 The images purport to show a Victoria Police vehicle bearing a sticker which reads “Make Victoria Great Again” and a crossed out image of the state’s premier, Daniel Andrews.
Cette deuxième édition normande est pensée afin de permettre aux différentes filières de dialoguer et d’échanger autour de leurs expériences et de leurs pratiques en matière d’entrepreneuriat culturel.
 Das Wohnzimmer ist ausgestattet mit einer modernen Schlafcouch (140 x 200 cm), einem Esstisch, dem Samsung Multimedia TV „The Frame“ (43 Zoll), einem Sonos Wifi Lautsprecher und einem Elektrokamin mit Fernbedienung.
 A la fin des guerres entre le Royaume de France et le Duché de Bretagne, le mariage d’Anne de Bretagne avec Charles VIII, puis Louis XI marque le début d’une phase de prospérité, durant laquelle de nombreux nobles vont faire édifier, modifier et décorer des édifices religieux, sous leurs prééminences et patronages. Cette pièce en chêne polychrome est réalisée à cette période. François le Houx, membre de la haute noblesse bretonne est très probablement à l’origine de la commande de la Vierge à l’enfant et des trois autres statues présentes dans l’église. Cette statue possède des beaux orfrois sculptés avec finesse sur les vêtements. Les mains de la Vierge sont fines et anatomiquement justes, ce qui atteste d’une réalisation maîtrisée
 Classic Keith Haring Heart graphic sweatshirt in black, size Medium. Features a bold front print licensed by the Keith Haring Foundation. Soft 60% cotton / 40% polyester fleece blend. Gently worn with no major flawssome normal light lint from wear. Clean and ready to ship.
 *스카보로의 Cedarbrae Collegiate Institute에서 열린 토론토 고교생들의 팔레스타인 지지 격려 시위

────────────────────

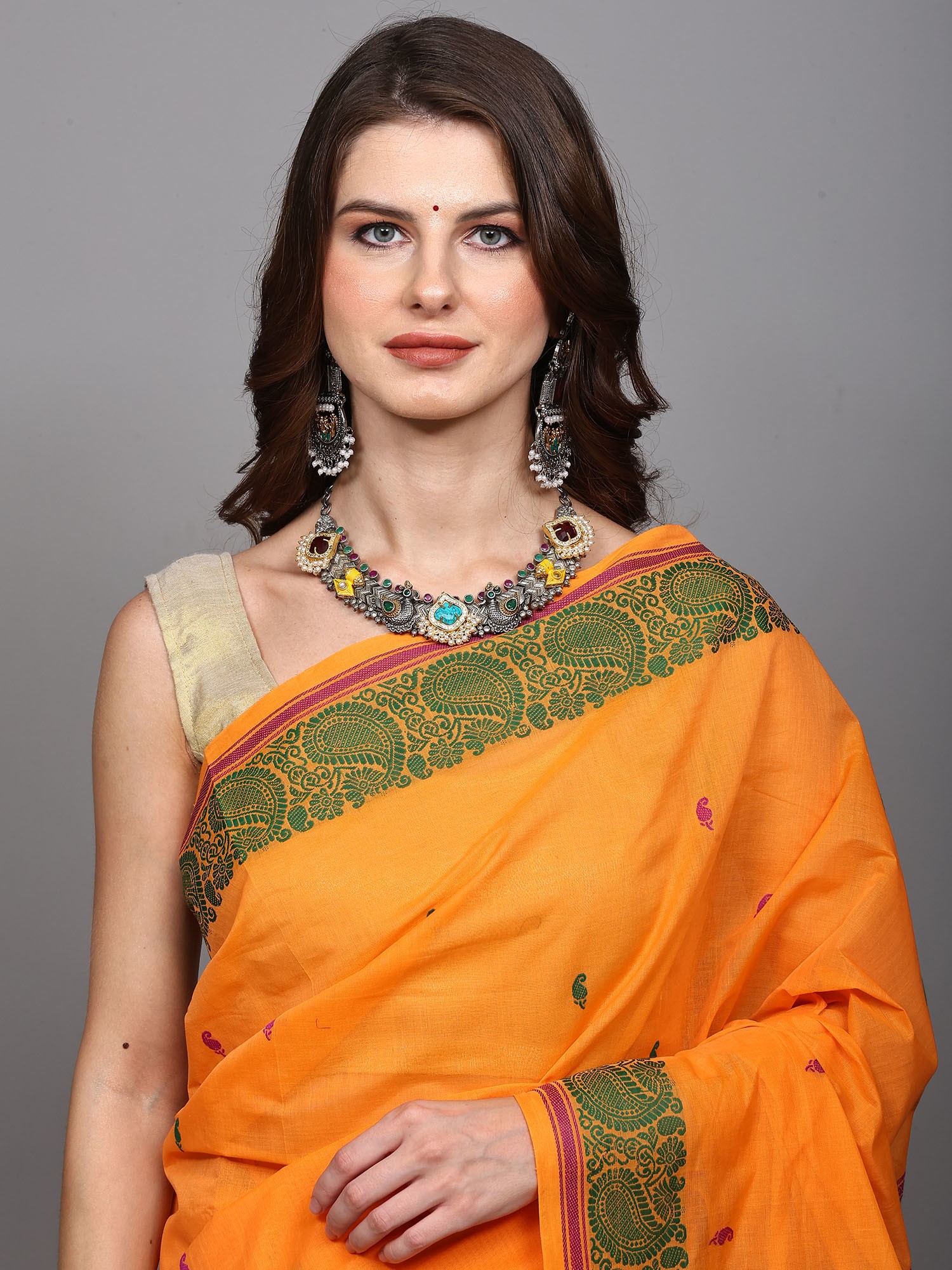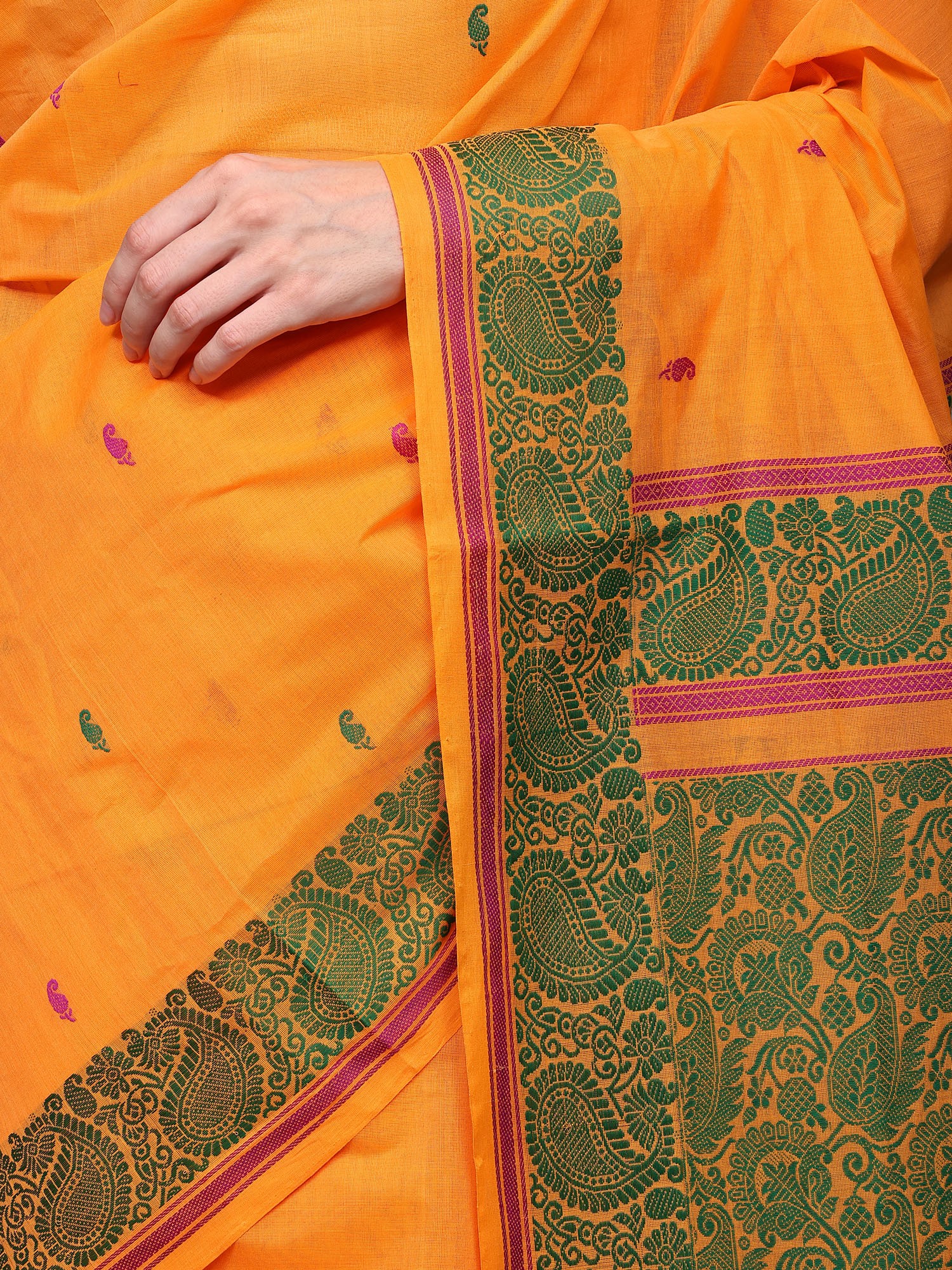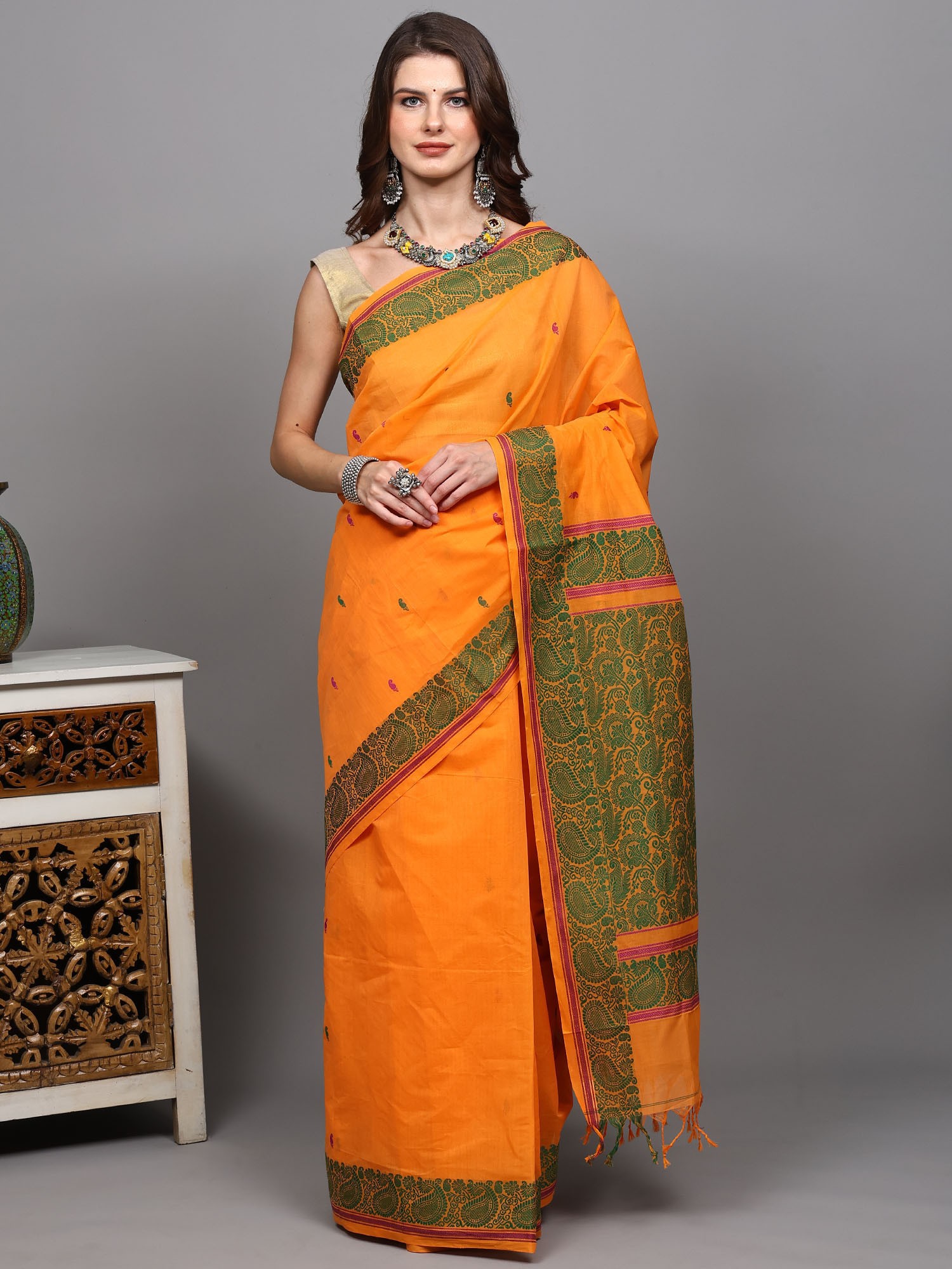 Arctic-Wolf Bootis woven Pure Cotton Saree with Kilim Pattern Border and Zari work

────────────────────

What lines in the data above contain the word "Cette"? Copy them all.

◆ Answer for the task ◆
Cette deuxième édition normande est pensée afin de permettre aux différentes filières de dialoguer et d’échanger autour de leurs expériences et de leurs pratiques en matière d’entrepreneuriat culturel.
 A la fin des guerres entre le Royaume de France et le Duché de Bretagne, le mariage d’Anne de Bretagne avec Charles VIII, puis Louis XI marque le début d’une phase de prospérité, durant laquelle de nombreux nobles vont faire édifier, modifier et décorer des édifices religieux, sous leurs prééminences et patronages. Cette pièce en chêne polychrome est réalisée à cette période. François le Houx, membre de la haute noblesse bretonne est très probablement à l’origine de la commande de la Vierge à l’enfant et des trois autres statues présentes dans l’église. Cette statue possède des beaux orfrois sculptés avec finesse sur les vêtements. Les mains de la Vierge sont fines et anatomiquement justes, ce qui atteste d’une réalisation maîtrisée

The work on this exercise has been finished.